There's usually a price for not negotiating as well, and it's not just monetary.
By negotiating you are presenting yourself as someone who stands up for himself, and more of an equal to your potential boss. That sets the stage for greater responsibility (if you want it). No reasonable person ever begrudges someone being a hard negotiator on salary and benefits.
>No reasonable person ever begrudges someone being a hard negotiator on salary and benefits.
Not true at all. Both Felix Denis and Donald Trump have written about the perils of hiring overly mercenary employees. So did one of my former mentors. Being a hard negotiator on salary and benefits is a hallmark sign of optimizing for a short-term relationship.
I don't think it's just a problem for women. Most of us enter adulthood with terrible negotiation skills, especially in engineering. I certainly did. The percentage of people who are decent negotiators is small and, empirically, most of them seem to be men.
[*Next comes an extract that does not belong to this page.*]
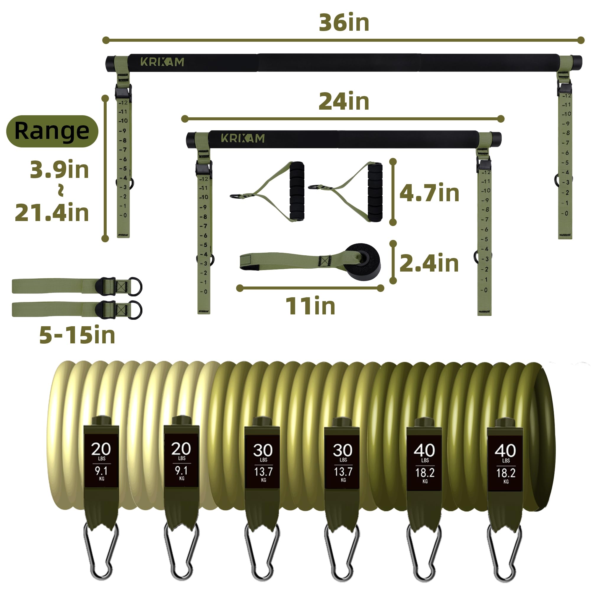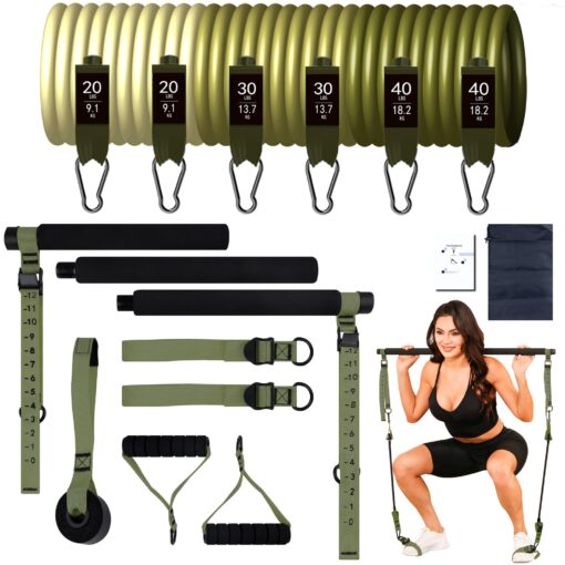 - ALL IN ONE FOR WHOLE BODY EXERCISE: KRIXAM provides a professional pilates bar kit to satisfy exercises that you need. And it offers different pounds of resistance bands and accessories for choosing, in order to shape your whole body without going to gym. Just say goodbye to obesity and got a S-shaped curve from now.

Successful people negotiate everything: job title, compensation, authority in hierarchical companies, project allocation. If turned down for a raise, they get a better project or a "meaningless" title that improves the CV. They're resilient against rejection (an inevitable outcome of negotiation) but they keep trying and working to improve. The rest, who don't, get mediocre results-- male or female. In software, there are a lot of people who don't know how to negotiate-- at all.
In school, we live in an artificial environment where everyone is assessed on similar projects and grades are fairly objective. So negotiating for a better result-- a B rather than a C-- is seen as dishonorable and weak. You should have studied harder. This no-negotiation zone is reasonable in a world where grades are (in comparison to workplace performance reviews) exceedingly fair and 90-95% get passing grades. If you're on the threshold (a 'D' student) it means you were a weak performer who managed to squeak by.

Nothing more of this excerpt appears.